The memo's authenticity has never been called into question by either the Bush Administration or Tony Blair's office.

The Chicago Tribune released a story on May 17, stating, “The White House has denied the premise of the memo, the American media have reacted slowly to it and the public generally seems indifferent to the issue or unwilling to rehash the bitter pre-war debate over the reasons for the war. All of this has contributed to something less than a robust discussion of a memo that would seem to bolster the strongest assertions of the war's critics.”

How sad for the more than 1,400 soldiers and the tens of thousands of innocent civilians who died in the Iraq war and the thousands more who will no doubt perish as this bogus and unjust war rages on.
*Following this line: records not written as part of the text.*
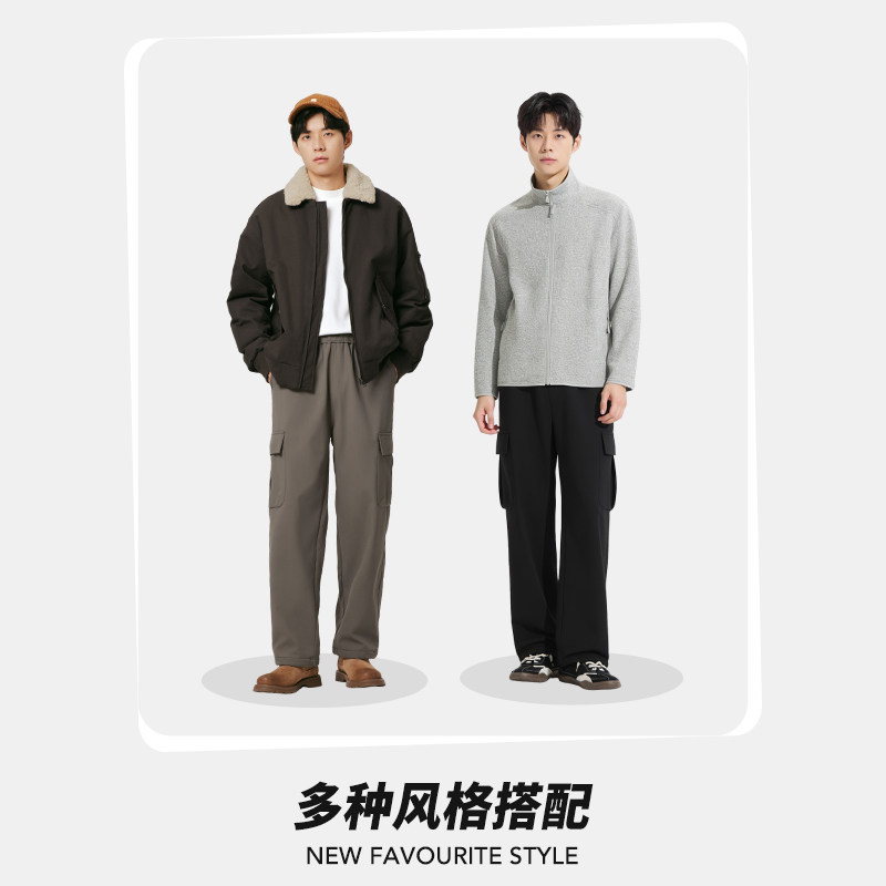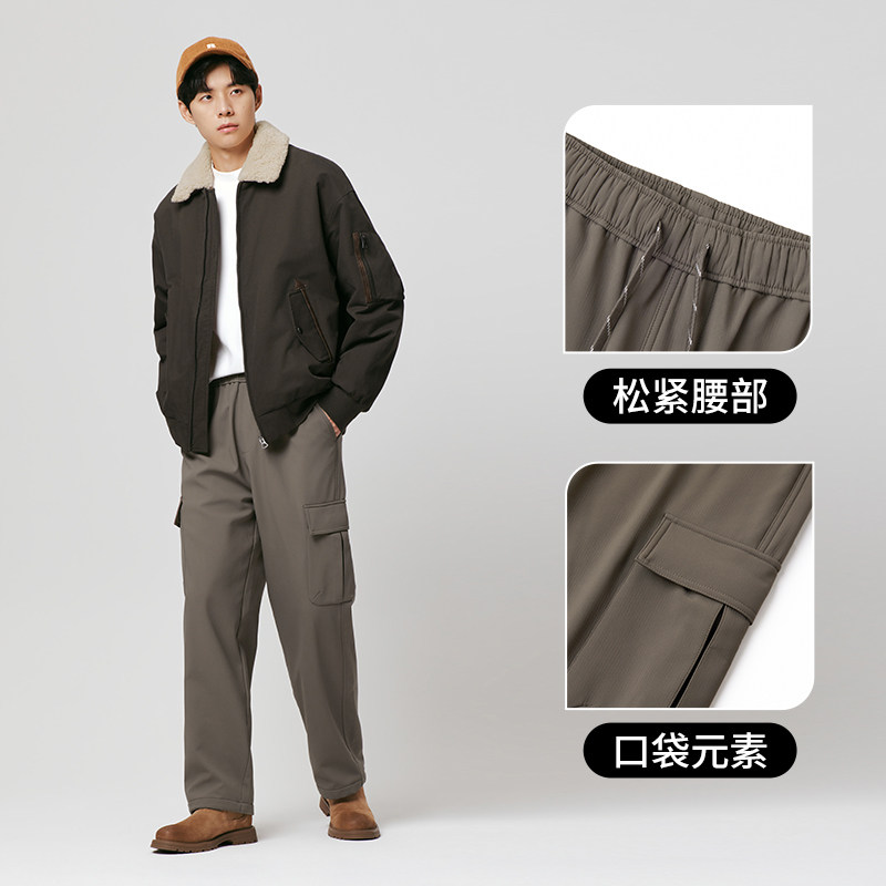 BENPANDA 2025冬季加绒防泼水休闲裤户外登山伞兵直筒裤子男新款
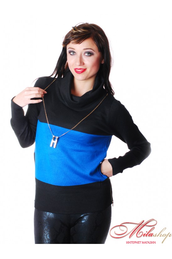 Молодежный свитер с воротником "хомут". Имеет украшение в виде цепочки с эмблемой Hermes. Украшение съемное. Сбоку регулируемая змейка, которая позволяет носить свитер девушкам с любым типом фигуры.
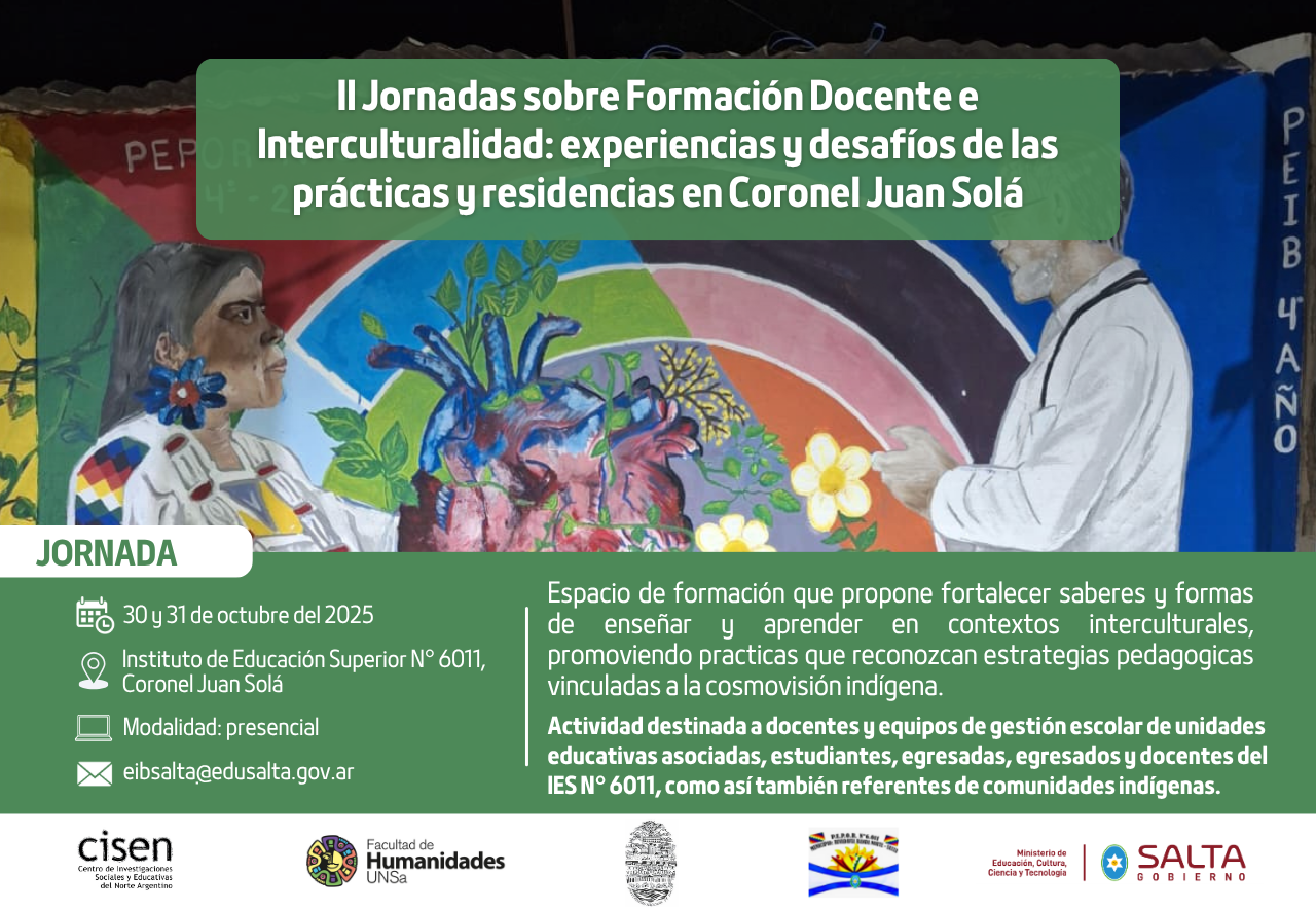 En el Instituto de Educación Superior N° 6011 de Coronel Juan Solá, se realizan las II Jornadas sobre Formación Docente e Interculturalidad: experiencias y desafíos de las prácticas y residencias, los días 30 y 31 de octubre. Se invita a participar a estudiantes, egresadas y egresados, docentes del Instituto, equipos de gestión de unidades educativasSigue leyendo «II JORNADAS SOBRE FORMACIÓN DOCENTE E INTERCULTURALIDAD EN CNEL. JUAN SOLÁ»
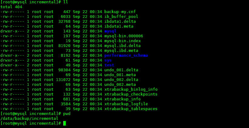 [root@mysql incremental]# mkdir -p /data/backup/incremental2

How much more evidence do we need to pile on in order for those gutless Democrats and those fanatical Republicans in Congress and the Senate to hold this president accountable for either war crimes or defrauding the United States?

One of the key figures during Watergate made a compelling case a couple of years ago for impeachment if President Bush intentionally misled Congress and the public into backing a war against Iraq.

“To put it bluntly, if Bush has taken Congress and the nation into war based on bogus information, he is cooked," wrote John Dean, President Richard Nixon’s former counsel, in a June 6, 2003 column for findlaw.com. "Manipulation or deliberate misuse of national security intelligence data, if proven, could be ‘a high crime’ under the constitution’s impeachment clause. It would also be a violation of federal criminal law, including the broad federal anti-conspiracy statute, which renders it a felony ‘to defraud the United States, or any agency thereof in any manner or for any purpose’.”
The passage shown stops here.